O Morgan Stanley cita como fatores positivos o avanço do projeto Wahoo, que vem ocorrendo em linha com as metas da companhia, e a expectativa de anúncio de uma política formal de dividendos no segundo semestre de 2026, apontada como um potencial catalisador para as ações.

O preço-alvo foi elevado de R$ 66 para R$ 71 por ação, indicando potencial de valorização de aproximadamente 35%. Além disso, a empresa deve apresentar FCF yield de 25,9% em 2026 e de 32,7% em 2027, um dos mais elevados da cobertura do banco.

Para a Brava Energia, o Morgan Stanley continua vendo uma proposta de valor atraente, apoiada pela melhora operacional observada nos últimos meses, especialmente após o início da produção do FPSO Atlanta e a retomada das operações em Papa-Terra.

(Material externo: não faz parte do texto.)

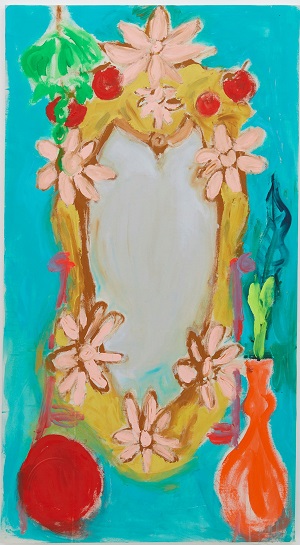 右)とある未亡人の鏡「楽しい鏡」2018 Acrylic on canvas 178.0×97.5cm ©Ellie Omiya,courtesy of Tomio Koyama Gallery

Mesmo assim, a recomendação permanece equal-weight (exposição em linha com a média do mercado, equivalente à neutra), com preço-alvo de R$ 23 por ação. Na avaliação do banco, fatores técnicos ainda limitam um potencial maior de valorização no curto prazo.

Já a PetroReconcavo segue com recomendação neutra e preço-alvo de R$ 12,50. Os analistas destacam o potencial de geração de dividendos e o posicionamento da companhia no segmento de revitalização de campos maduros no Brasil, mas ponderam que a menor escala operacional e a liquidez mais reduzida das ações limitam o apetite pelo papel neste momento.

Petróleo deve enfrentar mercado mais frouxo

A visão mais cautelosa para o Brent está ligada à expectativa de um mercado global com maior oferta. O Morgan Stanley avalia que a normalização mais rápida dos fluxos pelo Estreito de Ormuz, combinada à manutenção das exportações elevadas dos Estados Unidos e à demanda mais fraca da China, deve resultar em excedentes no mercado físico de petróleo nos próximos anos.

Ainda assim, o banco considera que a recente correção das ações já incorporou boa parte desse cenário, razão pela qual vê oportunidades especialmente em Petrobras e PRIO entre os nomes brasileiros.